-------- AVAILABLE DATA --------

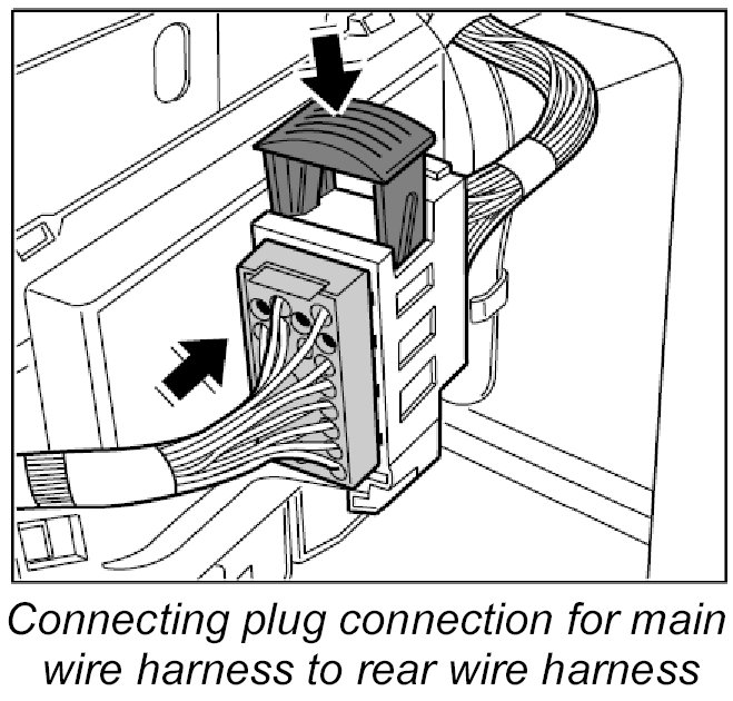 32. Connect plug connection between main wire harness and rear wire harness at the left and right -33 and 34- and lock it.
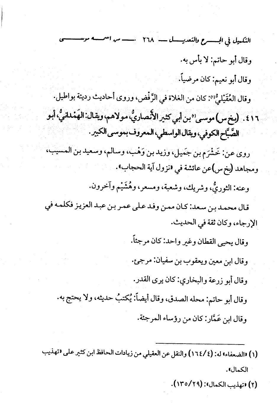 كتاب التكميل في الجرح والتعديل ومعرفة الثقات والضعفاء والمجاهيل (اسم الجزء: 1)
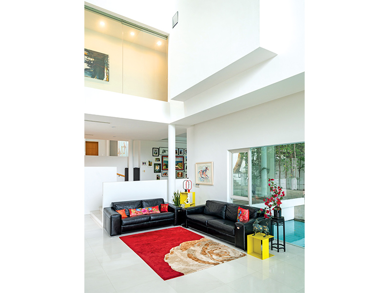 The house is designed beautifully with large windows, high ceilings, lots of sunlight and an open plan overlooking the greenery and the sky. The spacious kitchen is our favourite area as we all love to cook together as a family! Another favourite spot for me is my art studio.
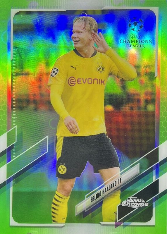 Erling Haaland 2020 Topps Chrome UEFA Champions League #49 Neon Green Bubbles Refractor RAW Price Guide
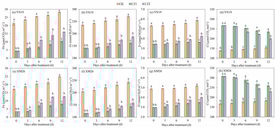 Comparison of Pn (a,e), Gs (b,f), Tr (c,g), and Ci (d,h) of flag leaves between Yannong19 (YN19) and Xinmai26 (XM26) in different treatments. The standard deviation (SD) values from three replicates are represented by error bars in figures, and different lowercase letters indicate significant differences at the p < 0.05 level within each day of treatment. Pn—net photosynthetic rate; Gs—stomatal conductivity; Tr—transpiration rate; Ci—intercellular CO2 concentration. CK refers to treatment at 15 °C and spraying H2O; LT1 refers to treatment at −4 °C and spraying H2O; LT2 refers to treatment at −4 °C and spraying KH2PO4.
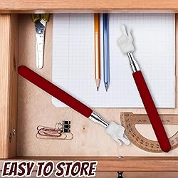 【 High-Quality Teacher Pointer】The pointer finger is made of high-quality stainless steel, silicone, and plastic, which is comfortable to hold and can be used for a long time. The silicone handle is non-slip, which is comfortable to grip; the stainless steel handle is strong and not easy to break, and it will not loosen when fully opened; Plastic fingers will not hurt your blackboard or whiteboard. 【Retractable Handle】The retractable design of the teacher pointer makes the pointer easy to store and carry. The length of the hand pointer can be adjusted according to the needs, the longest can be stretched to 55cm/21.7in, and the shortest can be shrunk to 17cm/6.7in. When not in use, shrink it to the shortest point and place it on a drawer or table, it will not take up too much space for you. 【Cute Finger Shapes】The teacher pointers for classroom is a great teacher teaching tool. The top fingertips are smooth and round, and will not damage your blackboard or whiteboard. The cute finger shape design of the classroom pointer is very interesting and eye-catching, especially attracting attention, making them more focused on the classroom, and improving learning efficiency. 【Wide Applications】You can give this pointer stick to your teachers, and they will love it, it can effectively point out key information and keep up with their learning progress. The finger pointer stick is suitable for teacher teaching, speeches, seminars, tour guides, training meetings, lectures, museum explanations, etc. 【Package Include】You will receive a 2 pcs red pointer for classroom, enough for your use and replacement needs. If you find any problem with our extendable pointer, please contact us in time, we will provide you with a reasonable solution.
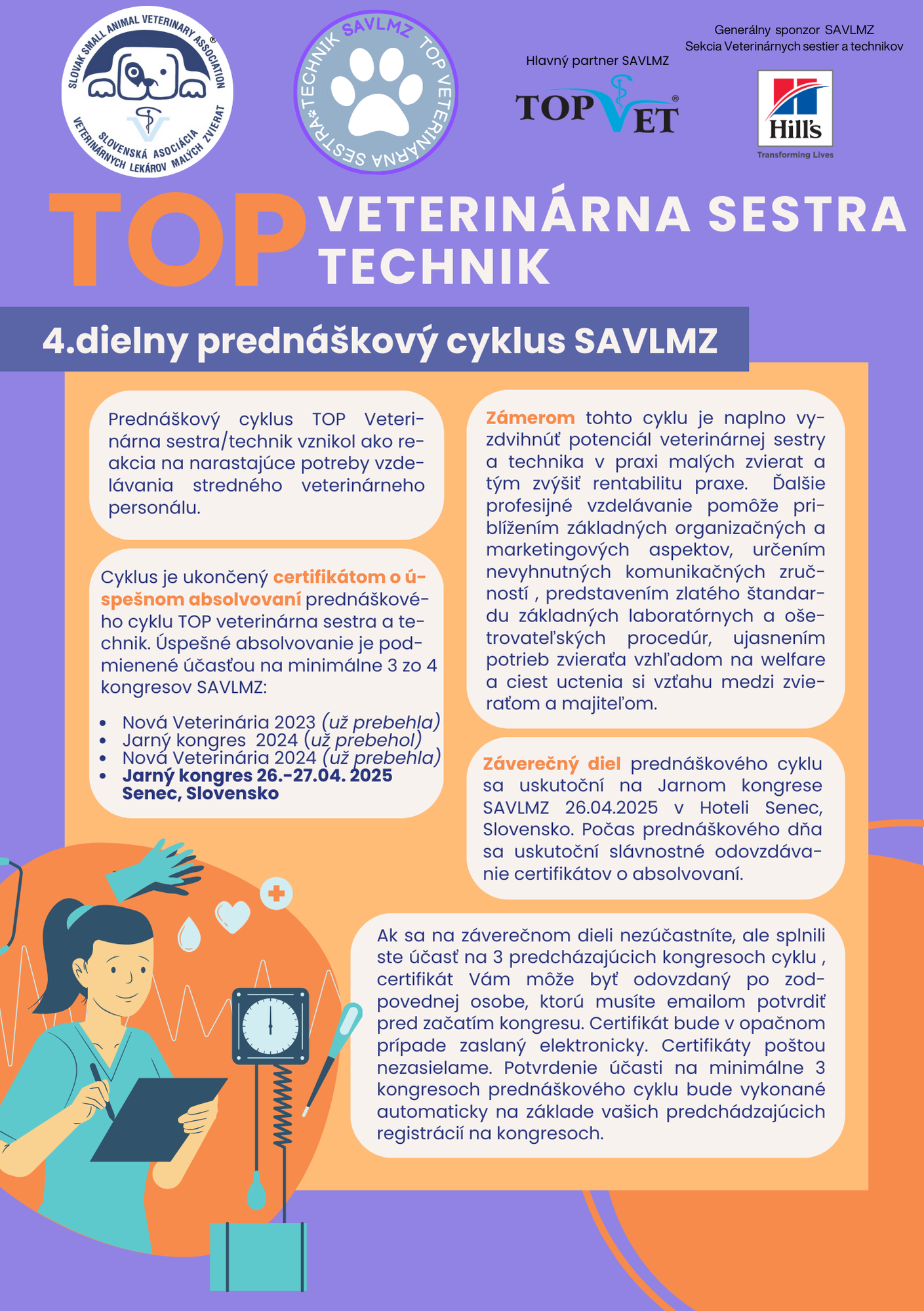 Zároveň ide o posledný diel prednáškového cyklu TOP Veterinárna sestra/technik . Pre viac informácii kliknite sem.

--------
-------- AVAILABLE DATA --------

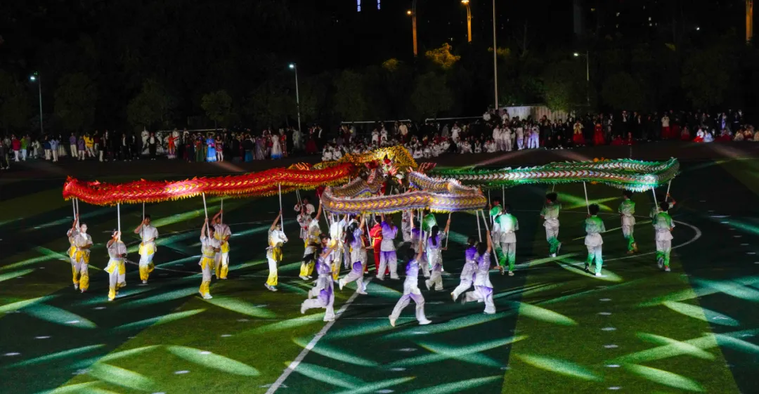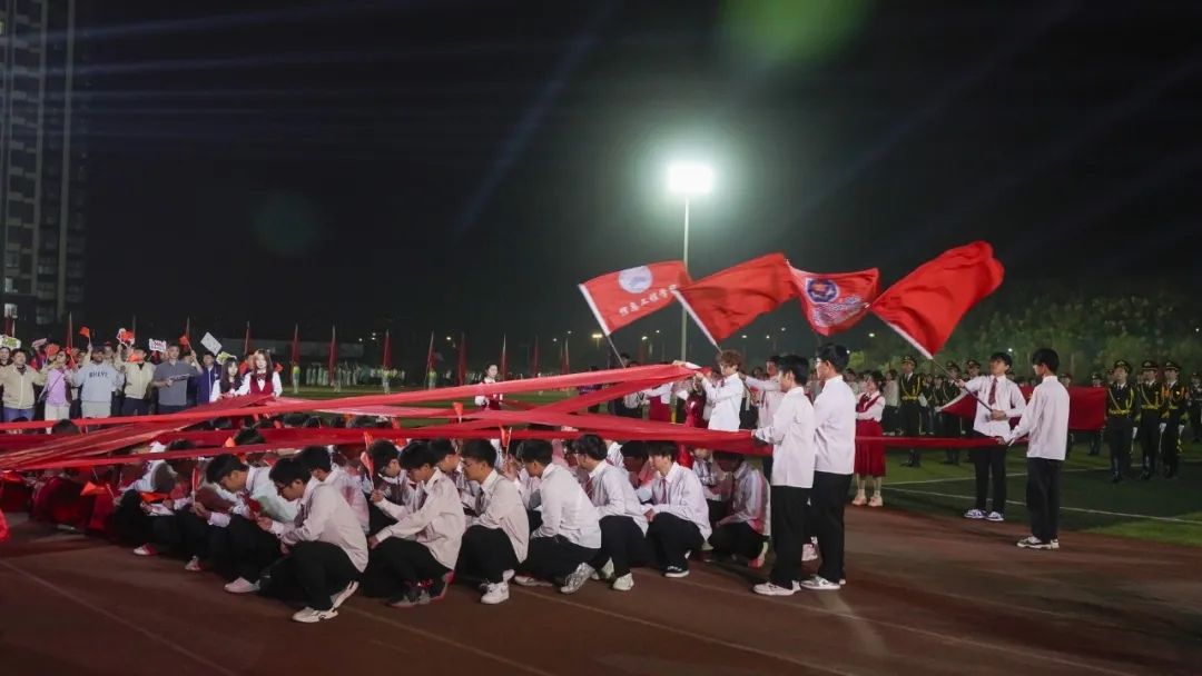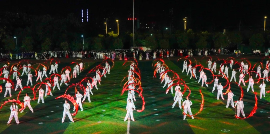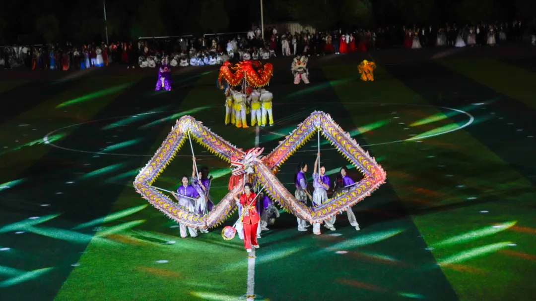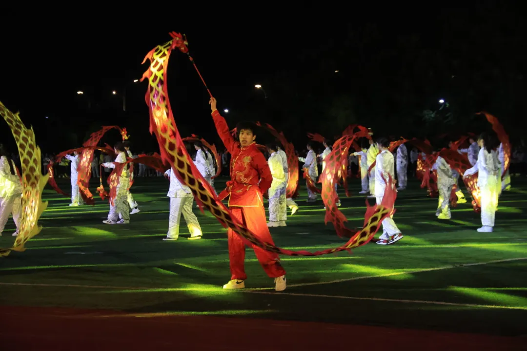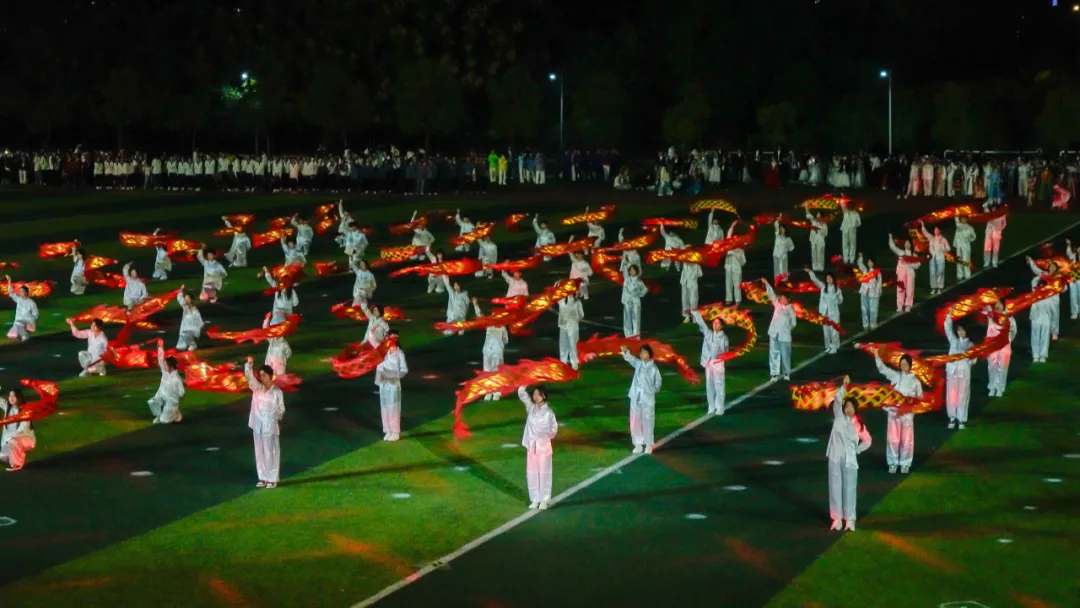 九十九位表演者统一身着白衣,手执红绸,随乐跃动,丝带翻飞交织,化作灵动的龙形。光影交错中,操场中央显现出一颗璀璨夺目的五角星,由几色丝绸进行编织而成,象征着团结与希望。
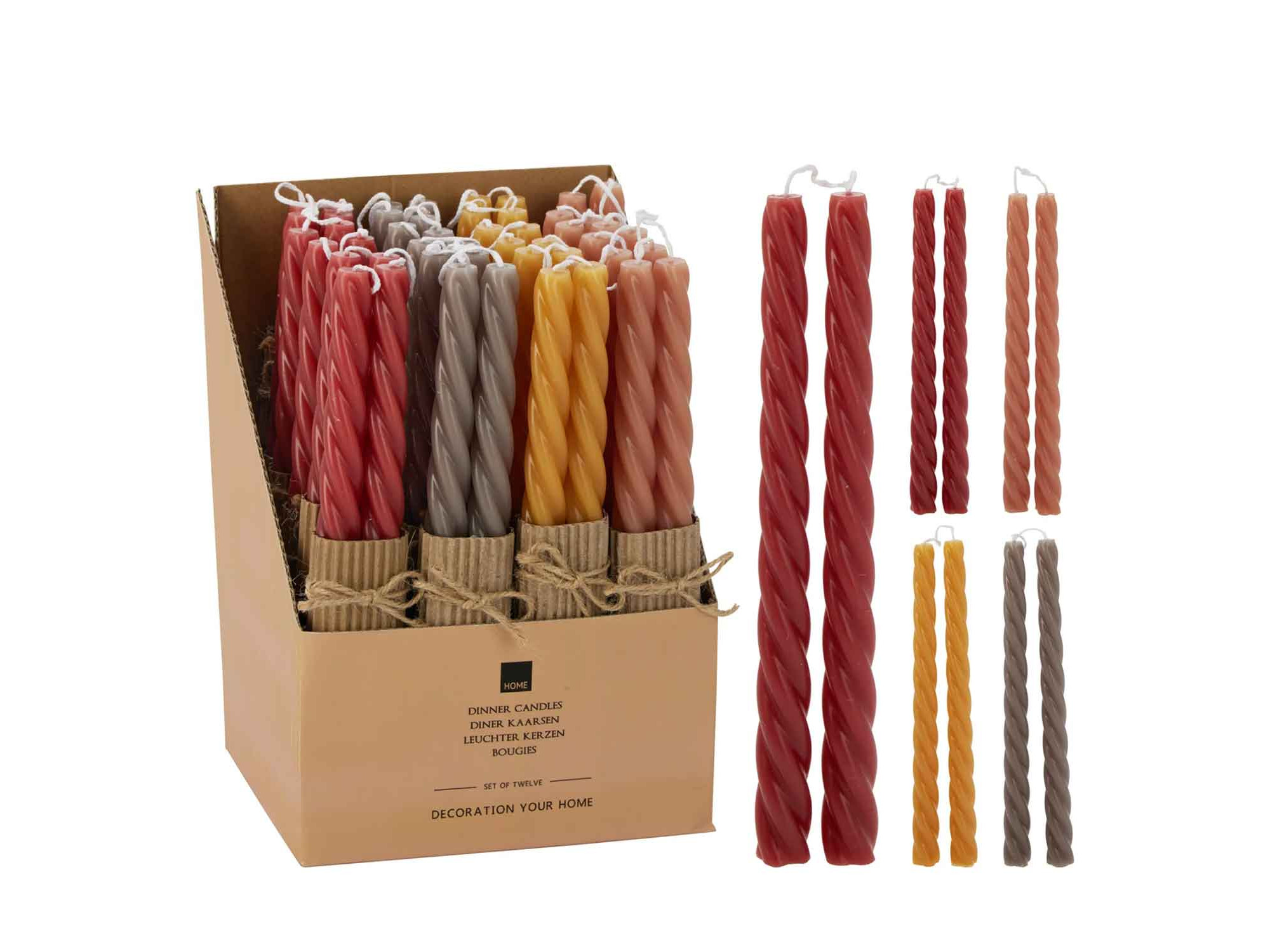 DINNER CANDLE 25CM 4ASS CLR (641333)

--------

**PROBLEM DETAILS:** Give exactly the lines above that run from the line with "The house is" to the line with "Erling Haaland 2020", both included, leaving every picture out.

**SOLUTION FOR THIS EXERCISE:**
 The house is designed beautifully with large windows, high ceilings, lots of sunlight and an open plan overlooking the greenery and the sky. The spacious kitchen is our favourite area as we all love to cook together as a family! Another favourite spot for me is my art studio.
 Erling Haaland 2020 Topps Chrome UEFA Champions League #49 Neon Green Bubbles Refractor RAW Price Guide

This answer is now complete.